Zu einigen Neuerscheinungen über die Struktur der technisierten Gesellschaft

Wer über die technisierte Gesellschaft schreibt, befindet sich in zahlreicher Gesellschaft. Vormittags schreiben darüber die Gymnasiasten („Fluch und Segen der Technik“), nachmittags die Leitartikler („Der Vormarsch des Kollektivismus“), nachts die gehobenen Essayisten („Die Entfremdung des Menschen in der Maschinenwelt“). Wer über die technisierte Gesellschaft schreibt, hat sich ein Thema gewählt, das ihm die Deutschprofessoren aufgegeben und die Zeitungen verekelt haben und worüber in jeder besseren Taschenbuchreihe im besten Intellektuellen-Volapük geschrieben wurde. Und er kann der Aufsatz-Thematik, den Zeitungs-Phrasen und dem Intellektuellen-Volapük schon deshalb nicht entgehen, weil alles, was in der Schule, in der Presse, in den Taschenbüchern über die technisierte Gesellschaft geschrieben wird, unter anderem tatsächlich stimmt. Gesellschaftskritik ist, was ein Gesellschaftskritiker vom andern abschreibt.

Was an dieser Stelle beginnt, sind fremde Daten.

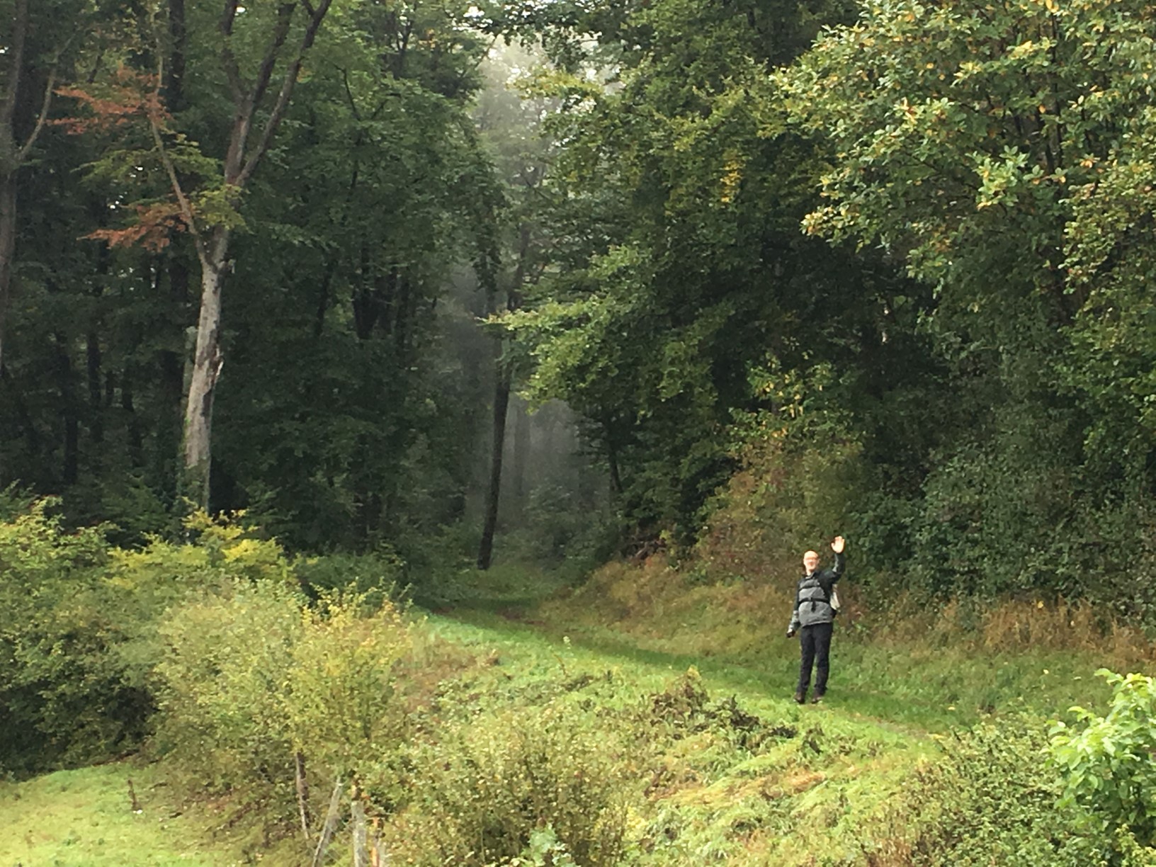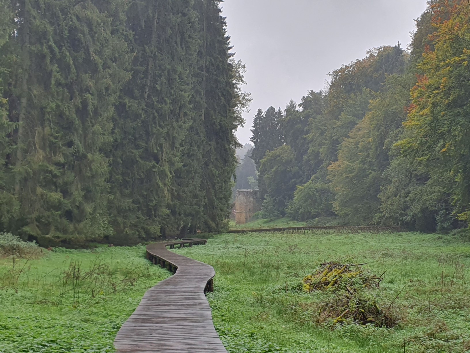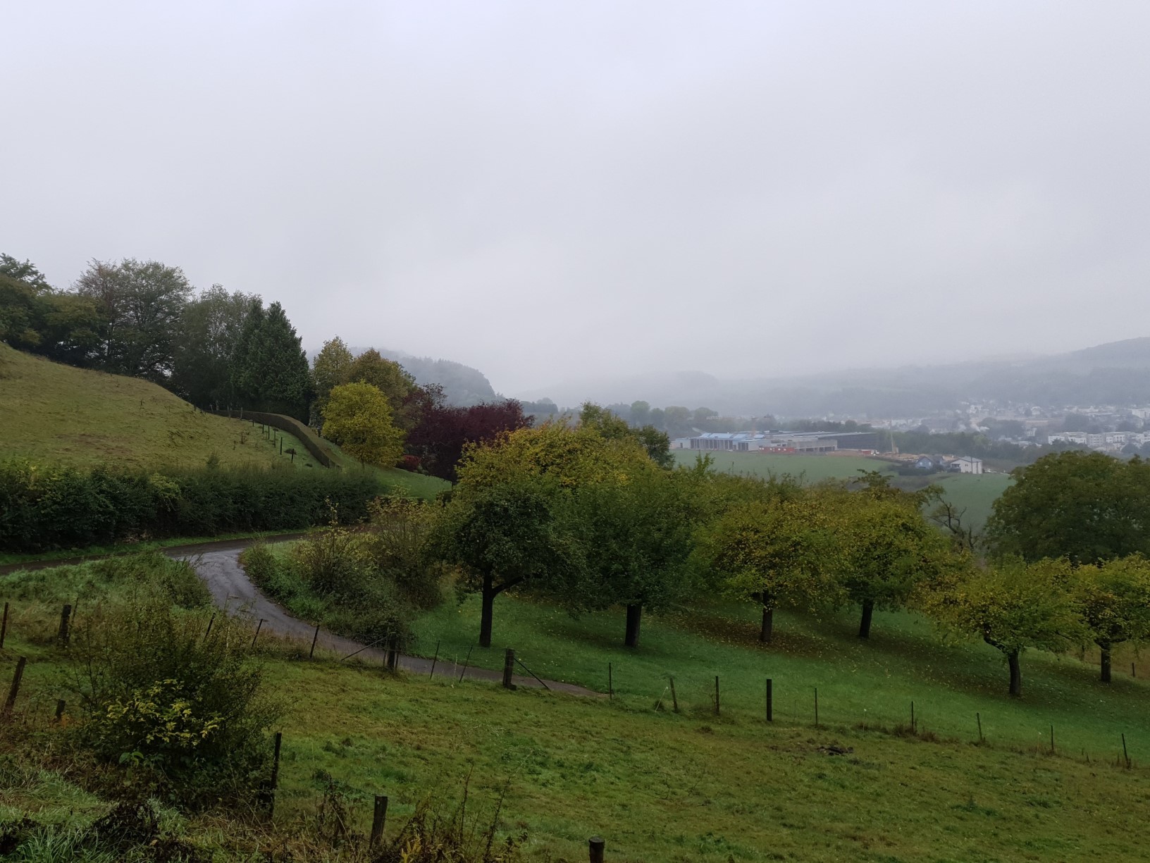Eens het dorpscentrum voorbij begint onze eerste klim de heuvels op naar de lourdes-grot van Gilsdorf waarna ons een zeer mooi wandelingweg opwacht langs de bergflank en door het bos.
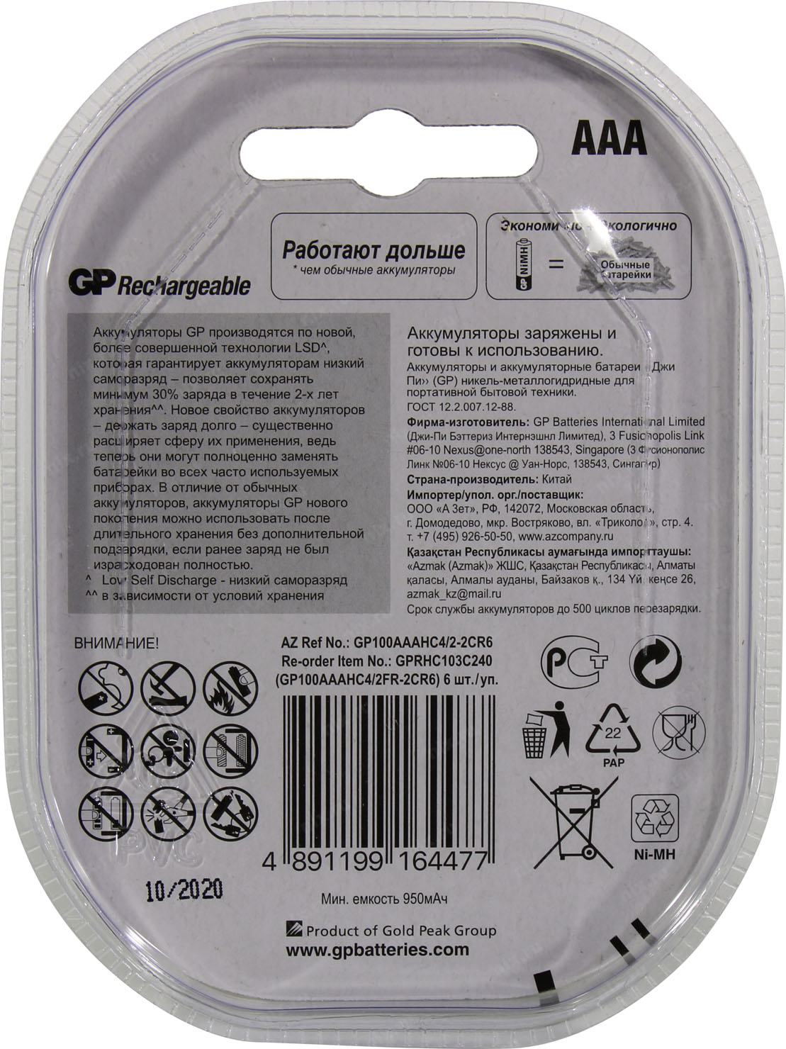 Аккумулятор GP 100AAAHC4 (GP 100AAAHC4/2-2CR6 36/360)
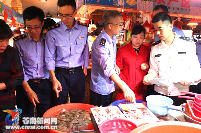 苍南新闻网5月9日消息:近日,为持续深入推进“一打三整治”和“幼鱼保护攻坚战”“伏季休渔保卫战”,灵溪市监分局组织力量对农贸市场、海鲜排挡、餐饮单位进行管控,并联合海洋与渔业局开展专项监管,对浙闽水产城进行彻查,检查在售海鲜产品是否有船证号与进货单、国外产品的报关单等。通过空前的执法力量投入和联动执法力度,为“史上最严”禁渔期加码,震慑违法违规行为。(潘小绿/摄)
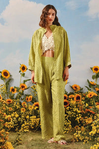 Featuring the Neon Green Crushed Bandhani Pants by 29 India's Sunehri collection. Made from hand-tied and dyed crushed Raidana silk Bandhani, these pants are thoughtfully crafted by Kutch artisans, offering a vibrant expression of tradition in a relaxed, modern fit.
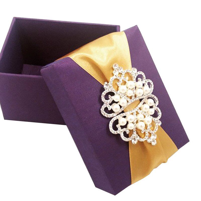 Luxurious pearl crown brooch embellished purple silk favor box for wedding and events
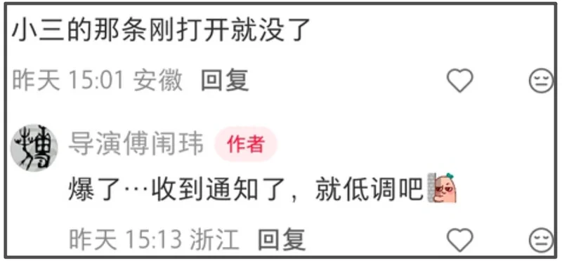 开个玩笑。后续傅闱玮的相关爆料视频已经删除了,他回复网友称是因为视频爆了,“收到通知了,就低调吧”,似乎是有人找上门要他删除内容。
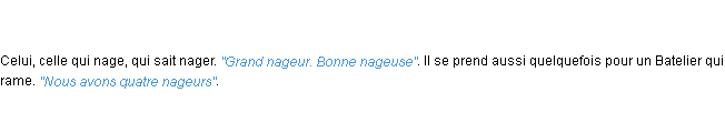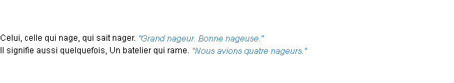 Définition du mot « nageur » par l’Académie Française (édition de 1932).
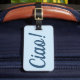 Ciao! Perfekt bagagetagg för den resande världen med en allvarlig fodral av vandrande lust
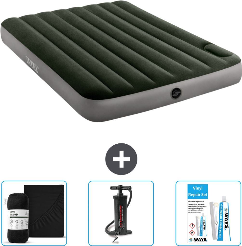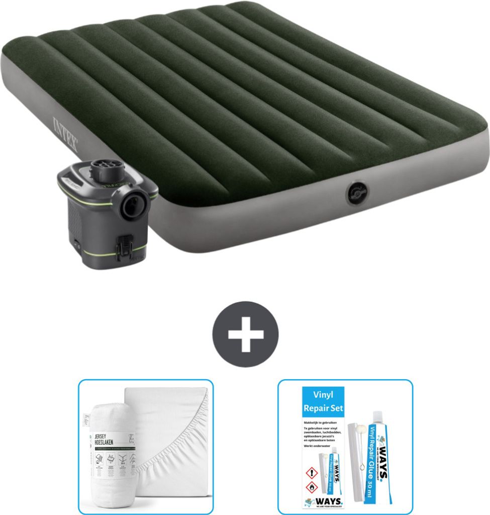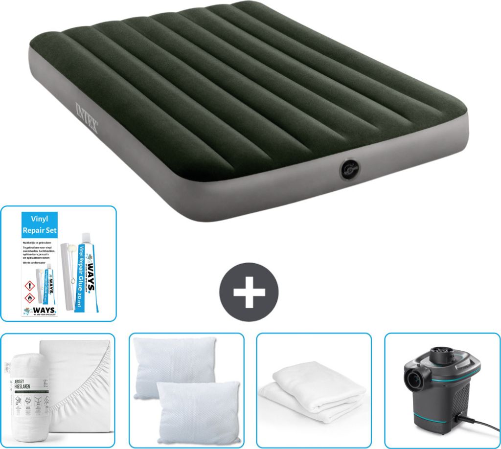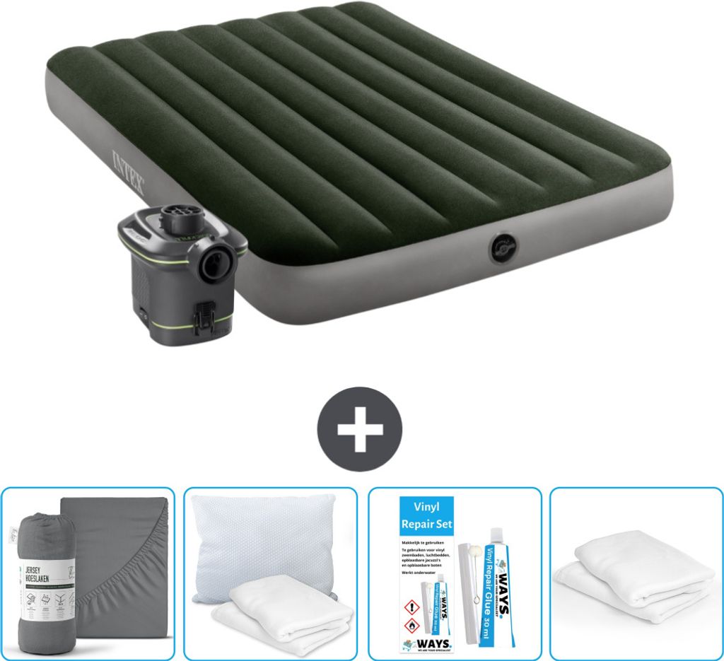 Intex Airbed - Doppelbett - 137 x 191 x 25 cm - Grün - Inklusive Pumpe - Spannbettuch - Küssen - Reperaturset en Kissenschutz

Die günstigste Position ergibt sich unter solchen Umständen für denjenigen, der durch zeitlichen und räumlichen Abstand den Zentren der technisierten Gesellschaft so weit entrückt ist, daß er, statt Augenzeuge zu sein, zum Seismographen wird. Denn Seismographen funktionieren am besten auf mittlere Distanz, dem Bebenherd weder zu nah noch zu fern.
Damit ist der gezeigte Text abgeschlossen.